Until then, I am off to hibernate to make it through one more day before a little vacation! Gobble Gobble!

11.04.2007

Ode to My Husband

I have to admit that right now the most annoying thing in my life is the smell of cigarette smoke that is rising from the condo below us. I am on the wonderful island of Maui in one of our great unearthed discoveries. The town we are in is called Honokowai. Out of the super developed areas of other parts of Maui it is mainly 30 year old condos on a little two lane street. However, the condos are perfect as they are direct oceanfront. There is also a grocery store, ABC store, and natural food/farmers market all within walking distance. We could easily (and with about one mil) see ourselves here for indefinite amounts of time. This will be our third night of being rocked to sleep by the sounds of the ocean crashing below. And all for an affordable price if you learn the word Kama'aina and can use it successfully without actually being a Kama'aina. Kama'aina means local and just by knowing the word, you can immediately get almost half off of anything related to tourism. Plus, this is probably the slowest week for tourism in Hawaii. Hence why we got married here two years ago and why I am writing this blog.
Dave and I got married November 1, 2005. It is an unbelievable two years later.
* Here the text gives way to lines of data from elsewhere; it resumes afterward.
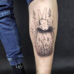 Tetování květiny a zvíře, luční kvítí a králík na holeni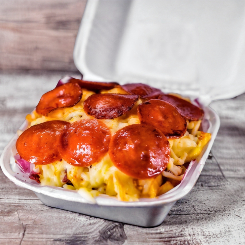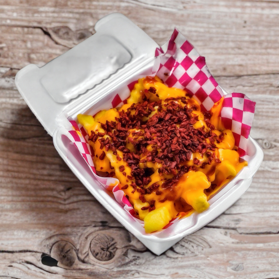 Deliciosas papas a la francesa 200gr con una cubierta de queso bien derretido, topping a eleccion y peperonie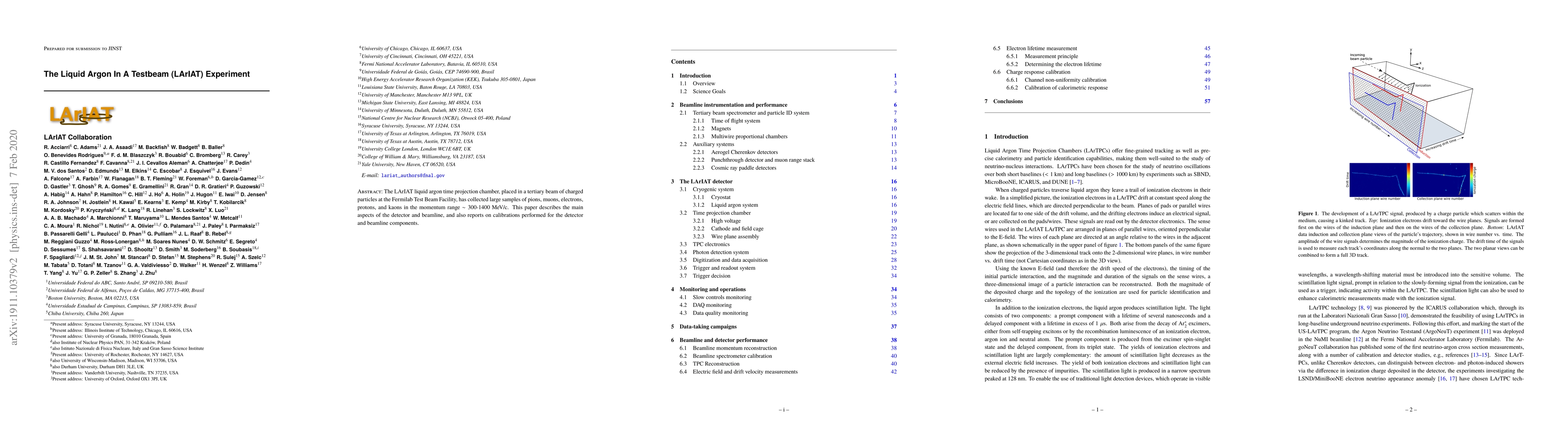 The LArIAT experiment utilizes a liquid argon time projection chamber at the Fermilab Test Beam Facility to study charged particles in a tertiary beam, reporting on detector and beamline calibrations. The experiment collected data on pions, muons, electrons, protons, and kaons within a momentum range of 300-1400 MeV/c.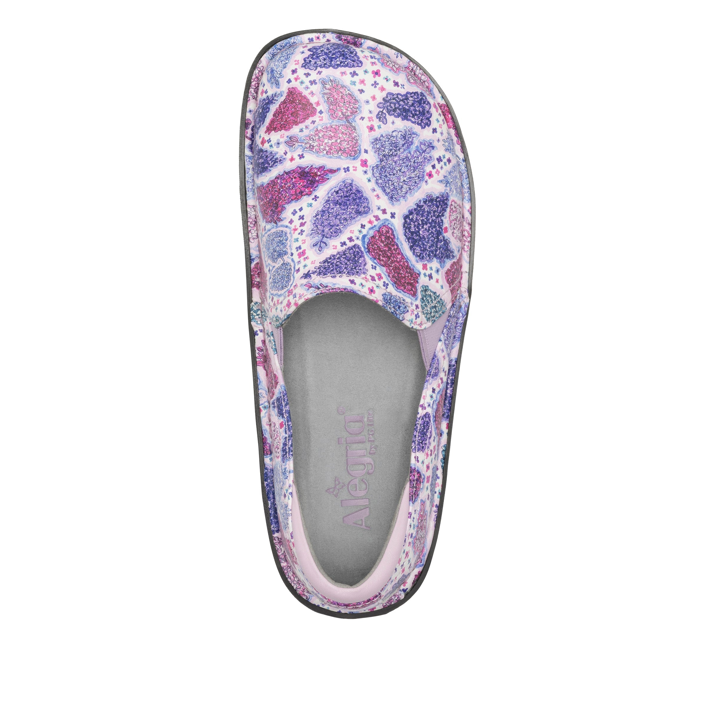Featured in a beautiful hand-drawn Lilac Love design printed on a genuine leather upper.

We came to Maui not for our anniversary as much as for my mother in law who is visiting from New Orleans but we are celebrating all the same.
Whenever I take inventory of my life, there are lots of ways I can see that other people have done it better or where I could have improved my situation by having done it differently. I could be making X amount more dollars if I had chosen Y or I would look X times amount better if I had bought Y and on and on. What i am truly amazed at is that I am completely successful in love. Those that know me from pre Dave days, myself included, would never have thought this to be my current love reality. There are a lot of things I don't do well. My relationship with Dave isn't one of those things. But after having failed so miserably pre-Dave, sometimes I wonder, how has it worked so well this time?
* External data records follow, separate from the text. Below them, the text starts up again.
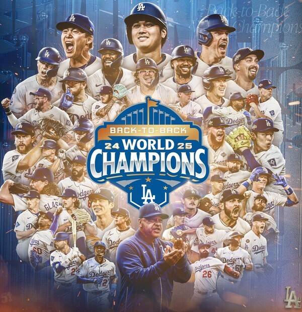 다저스는 지난 2일(한국시간) 토론토 블루제이스와의 2025 WS 7차전에서 연장 11회 접전 끝에 5-4로 승리, 2024년에 이어 2년 연속 우승을 차지했다.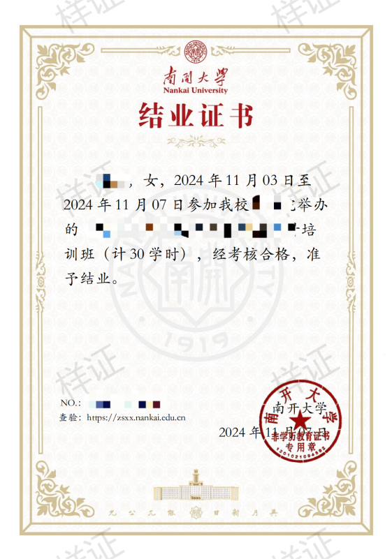颁发证书:完成每期课程培训者,将获发“太阳成集团tyc33455cc欢迎您非学历教育”培训结业证书(24-40学时不等),集团唯一编号官网可查验真伪(以下示例),为学员继续教育提升和职业发展提供有效帮助。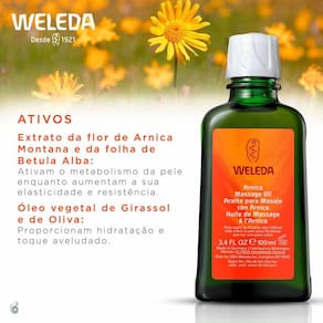 Óleo corporal para massagem. Ideal para quem pratica esportes, Weleda Óleo Corporal para Massagem de Arnica hidrata e aumenta a circulação sanguínea para aquecer e relaxar os músculos.
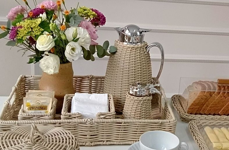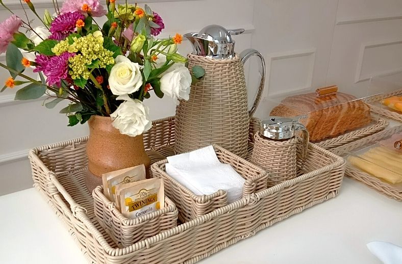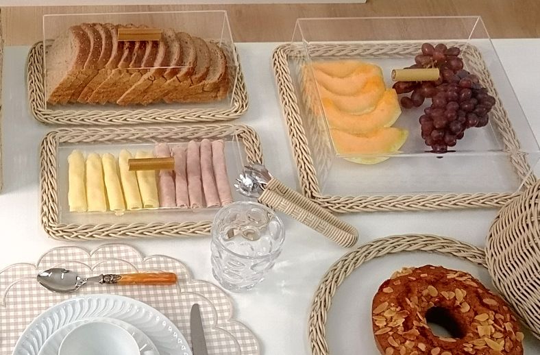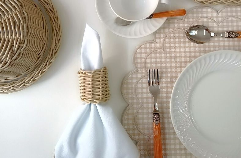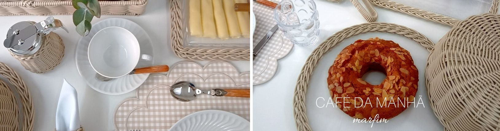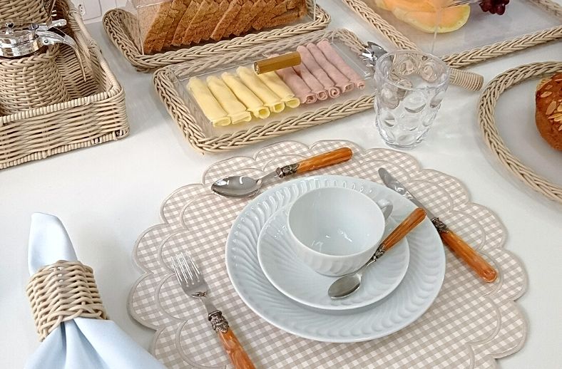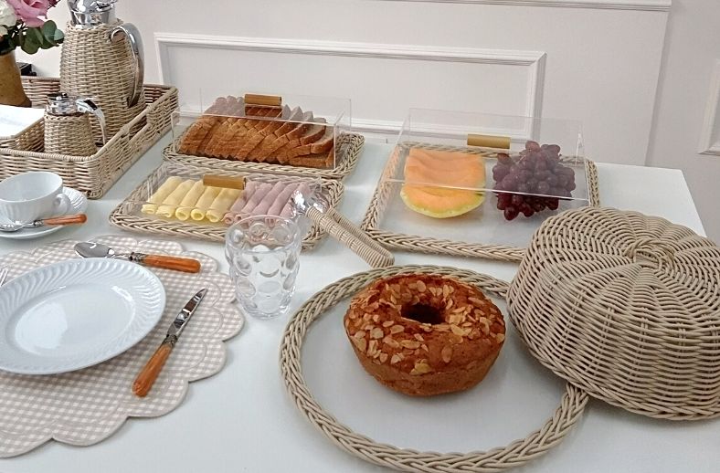Nesta produção usamos as peças em marfim, uma cor super coringa que permite inúmeras combinações com jogos americanos e talheres, além disso temos também os acrílicos para servir frios, frutas e pães que compõem a linha.

Dave. Dave is the answer. He looks at me and tells me he loves me in a way I never thought I deserved...until he convinced me I did. He never does things just for himself but how it will benefit us both. Sometimes I wonder if others consider us co-dependent and/or antisocial. My single friends will ask me out to a girl's night. But I don't go most of the time because the bottom line is I would much rather spend time with my husband. That is how we make it. I work to keep him as the single most important part of my life. He does the same for me. Knowing that you are the center of someone's universe is so entirely awesome to me yet there are so many that feel they don't want or deserve this kind of love.
How could this be? And then I realize that they have never experienced it. They think they have, but they haven't. I wish I could inflict this feeling on everyone. When I see a friend or family member struggling to find love or make something work with the wrong person, I want to shout "let it go! It isn't right! It shouldn't be this hard!" I feel inadequate to give advice at times to those who are struggling because I almost feel guilty that I've got it so good....note I said almost.
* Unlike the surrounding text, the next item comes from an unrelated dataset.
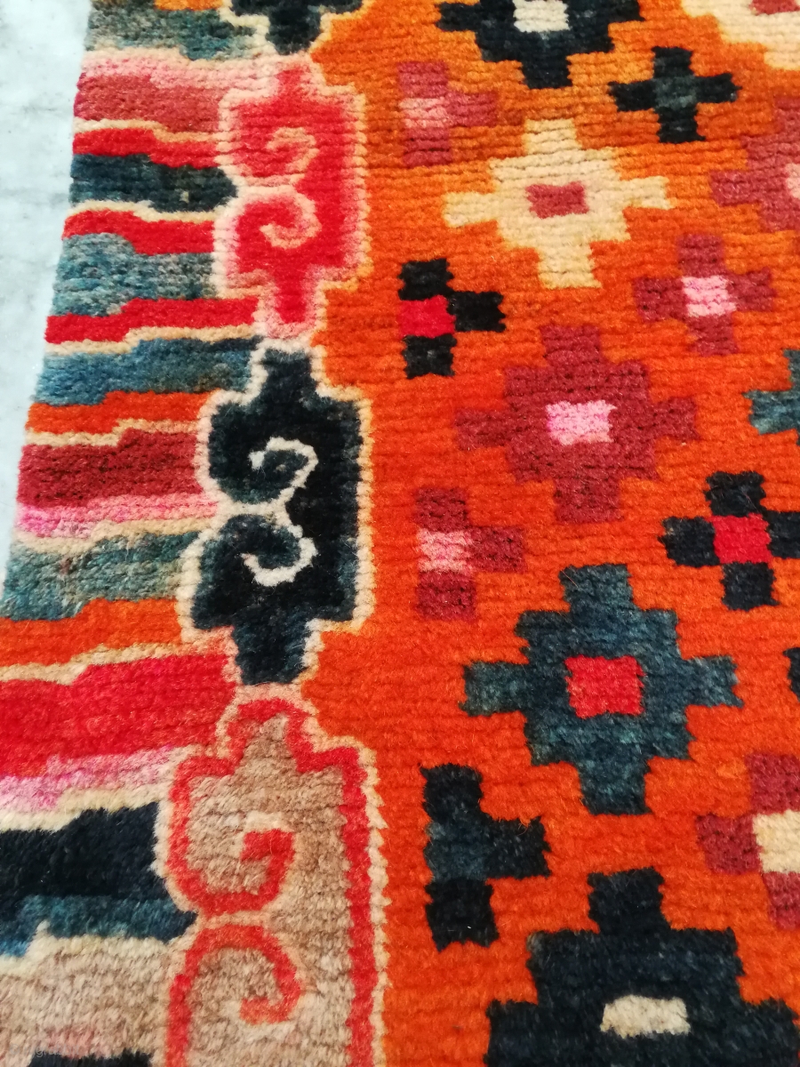 Beautiful Tibetan Khaden in very Good condition. In the center it features , Tigma design surrounded by cloud/wave border, with multi color.

I have only known Dave almost 4 years. When we look back at what we have done, the timeline is almost dizying. It is still hard to believe I found someone that wants to live the kind of life I lead. Not only does he want to live it but he is trying to find ways to improve it so we can do it more and on a larger scale.
So here is my gift to my husband but it really isn't a stretch. To you, in front of anyone who cares to read this, I want you to know how happy you make me, how much you have changed my life. I love waking up every day excited for where you will take me, what you will say and what you will do. You are my hero and my best friend. I love you times a million billion stars. Thank you for your smile, your heart, and for the two best years of my life. I can hardly wait to see what the next year brings.